The SEC is hardly a flawless agency, but the alternatives would probably be significantly worse in terms of investor protection and corporate accountability. As much as some of us harp on the limitations of SEC disclosure rules, for instance, there is a lot less transparency abroad. The only other country, to my knowledge, that requires companies to reveal a significant amount about their operations and their finances, and then makes those filings available at no cost on the web is Canada, with its SEDAR system. Allowing U.S. companies to follow foreign rules may or may not help their competitiveness, but it will in all likelihood allow them to operate with a lot less scrutiny.

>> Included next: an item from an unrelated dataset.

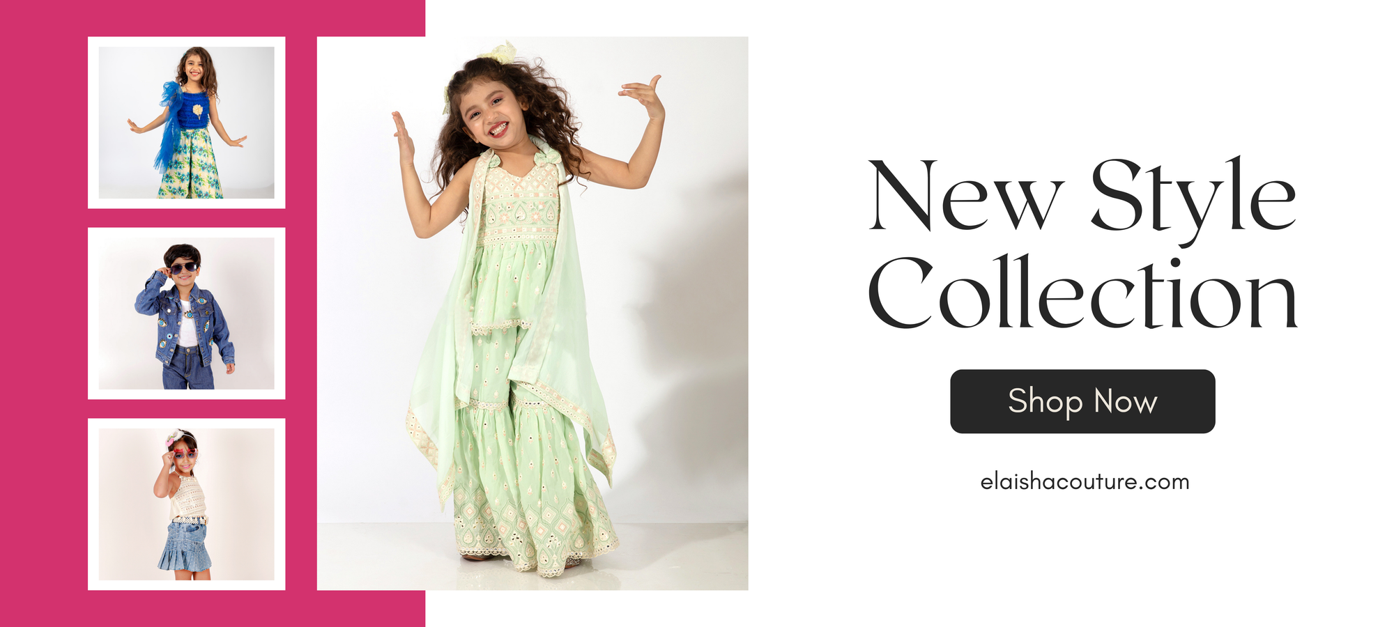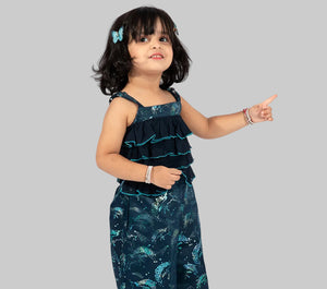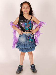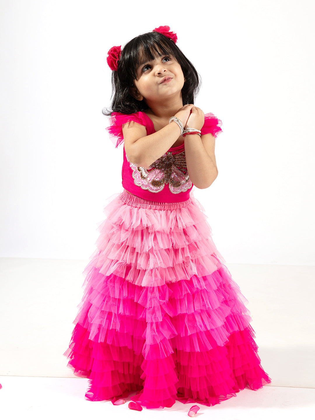 Elaisha Girls Crop Top with Butterfly Motif & Gradient Tiered Net Skirt Set - Pink & Baby Pink

Would Paulson’s CBRA Have Fangs?

Although anything coming from the Bush Administration has to be regarded with suspicion, one aspect of the Treasury Secretary Henry Paulson’s plan to revamp the regulation of financial institutions is intriguing. As part of the replacement of the current alphabet soup of agencies with a new minestrone, Paulson called for the creation of a single entity to oversee consumer protection issues relating to all regulated financial institutions. Although the Paulson blueprint often refers to this as the “business conduct regulator,” the formal proposed name is the Conduct of Business Regulatory Agency, or CBRA for short.

The new agency would combine selected functions now handled (or neglected) by entities such as the Securities and Exchange Commission and the various bank regulators. Other SEC functions—presumably including oversight of the securities of non-financial companies—would apparently reside in a new agency formed by the merger of the SEC and the Commodity Futures Trading Commission.

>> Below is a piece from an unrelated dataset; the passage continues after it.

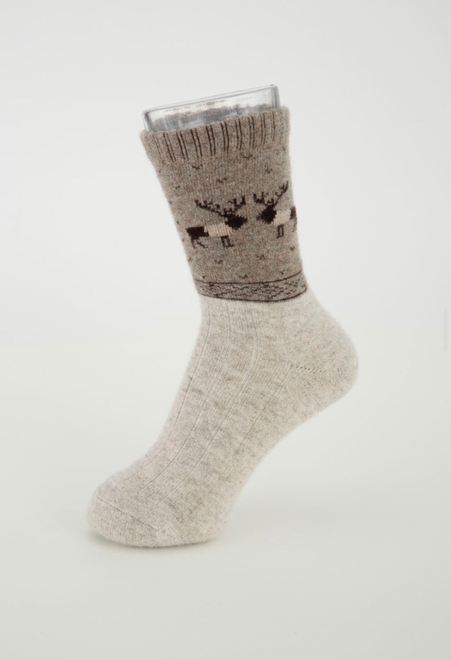モンゴルで生まれ育った羊の天然ウールあったか靴下。マイナス40度の厳寒でも保温性バツグン。自然素材羊ウール100%なのでラクダウール100%、ヤクウール100%のように柔らかく、暖かさは羊の毛そのものです。冷え性対策のお奨めアイテムです。冷え性に悩んでいる方はぜひ履いてみてください。ルームソックスとして使えるし、もちろんアウトドア用としても最適です。可愛いトナカイ柄も人気ですよ。

CBRA’s proposed mission is described (p.19) as follows:

Business conduct regulation in this context includes key aspects of consumer protection such as disclosures, business practices, and chartering and licensing of certain types of financial firms. One agency responsible for all financial products should bring greater consistency to areas of business conduct regulation where overlapping requirements currently exist. The business conduct regulator’s chartering and licensing function should be different than the prudential regulator’s financial oversight responsibilities. More specifically, the focus of the business conduct regulator should be on providing appropriate standards for firms to be able to enter the financial services industry and sell their products and services to customers… CBRA’s main areas of authority would include disclosure issues related to policy forms, unfair trade practices, and claims handling procedures.

It’s difficult to know how seriously to take this. Is Paulson suggesting that CBRA would be able to establish strict consumer protection standards before a company is allowed to set up shop anywhere in the financial services marketplace? If so, then bring it on.

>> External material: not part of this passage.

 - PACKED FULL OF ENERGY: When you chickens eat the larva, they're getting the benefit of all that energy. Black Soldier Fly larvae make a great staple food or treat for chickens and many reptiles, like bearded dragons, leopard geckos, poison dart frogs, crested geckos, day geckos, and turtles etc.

Also appealing (from a researcher’s perspective) is the emphasis on disclosure, especially relating to information apart from data that Paulson puts under the purview of the “corporate finance regulator.” Today, the disclosure needs of investors are too often put ahead of the disclosure needs of consumers, workers and the general public.

Paulson’s blueprint may go nowhere, but if it does, let’s hope that his CBRA would really have fangs.